Saturday, June 1, 2024

Lorenzo Dow McCabe (1817-1897) vs. God Existing in an “Eternal Now”

  

That God, in a single moment of duration, does all the feeling, thinking, willing, and acting which his universe requires from everlasting to everlasting, is too incredible for any intelligent being to believe. And unless that he be admitted, there must be a before and an after in the existence of God. If he can not distinguish the past from the present, and the present from the future, his intelligence is less than ours. The doctrine of God’s immutability, as conceived by many, would take from all personal life, resolves and experiences, and all availing interest in a repenting race and an ever unfolding universe. But granting to him the most perfect immutability as to his natural and moral perfections, what objection can be conceived to the supposition that there may be changes in his mental states in respect to a changeable universe? If the mode of the divine existence allows the formation and the execution of an infinite number of purposes, why not it also allow of changes in those purposes? Change in thought, feeling, purpose, and act, under justifiable circumstance, instead of implying limitation or imperfection, is an indispensable condition of perfection in the divine nature. Indeed, God could not continue to remain perfect without such changes after he had created a sentient and accountable universe wholly dependent upon him for its existence and well-being. In creating a being endowed freedom and the power of original, unantecedented causation, the capacity of putting forth free volitions and moral or immoral forces into the universe of things, God laid upon himself the necessity of change the very moment that his voluntary creature disobeyed his commandments and rebelled against his authority. Perfection not only demands but necessities changes in the Ruler appropriate to the changes in the moral accountable subject.

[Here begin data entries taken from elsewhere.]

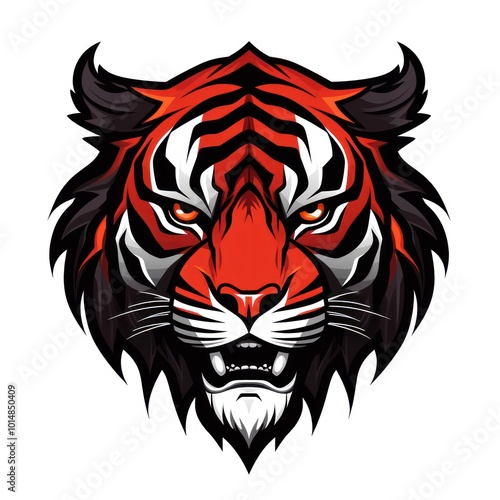 Fototapeta premium Tiger on White Background. Black and Red colors
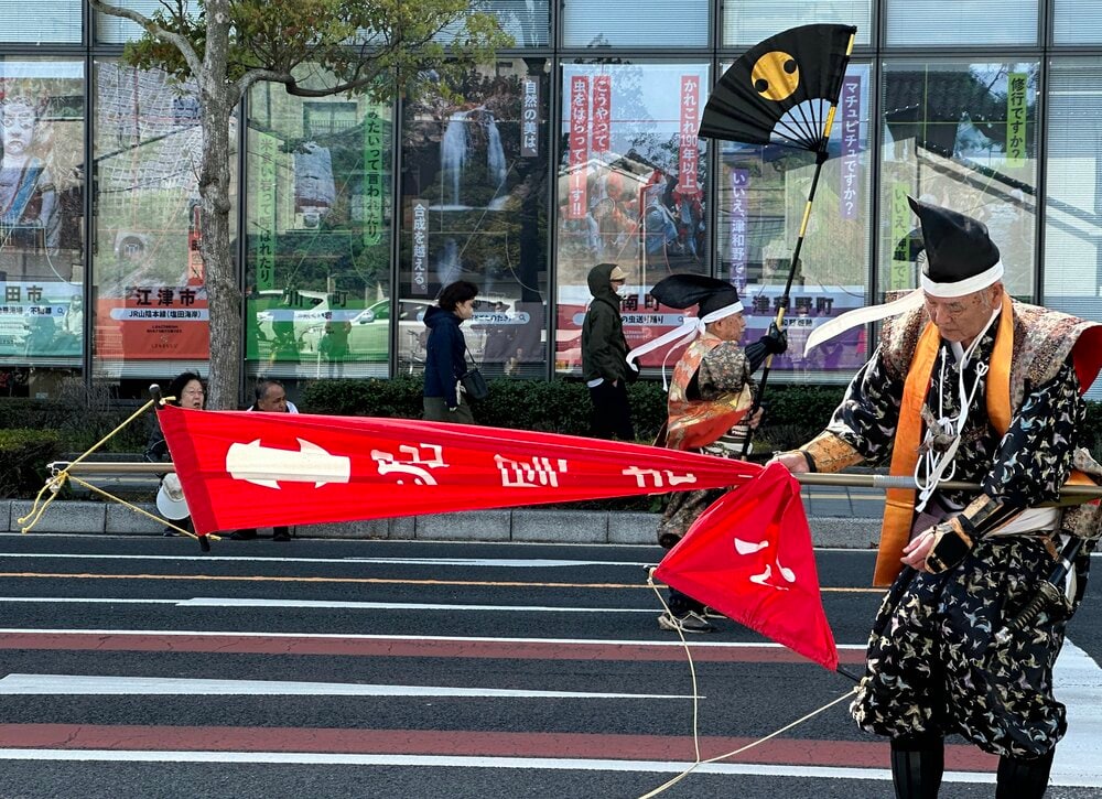 途中強風にあおられ、旗を必死に守る旗持ち武者役=松江市殿町
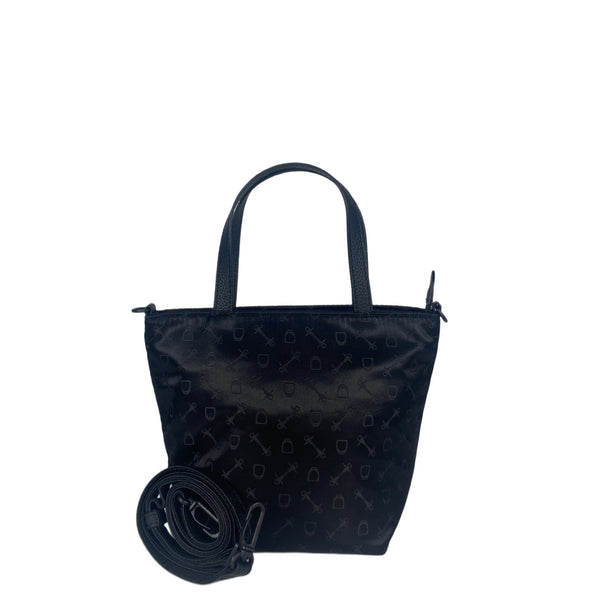 物料: 尼龍 x Why Monogram PVC x 牛皮開關: 拉鍊尺寸: 闊 25 cm x 深 11.5 cm x 高 25.5 cm 重量: 160 克間格/袋數量: 4把手: 中高 11 厘米可調節背帶 (總長約 90 厘米)
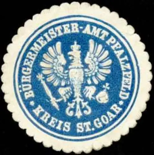 Kreis St. Goar, blau, weiß, geprägt, Größe/Zustand: 4 , guter Zustand, Original Verschluss-Siegelmarke aus Papier welche früher von Behörden, Firmen etc. zum Versiegeln der Briefe benutzt wurden

Moreover, to affirm that in God there can be no change is really to exclude him from his government over his accountable universe, or to affirm that his government is only a pretense, destitute of all reality.

 

Men in speculation may, like Berkeley, deny existence to material objects, but in practical life they never fail to recognize and affirm it. And thus in theory men may deny the existence of a world of pure contingencies, but in practice they can not ignore it if they would. All their warnings addressed to the wayward, all their anxieties addressed to their own hearts, and all their prayers addressed to Deity, imply a world of contingency. And, if there be a world of contingencies, then there must necessarily be a contingent side to God’s thoughts, feelings, actions, plans, and purposes.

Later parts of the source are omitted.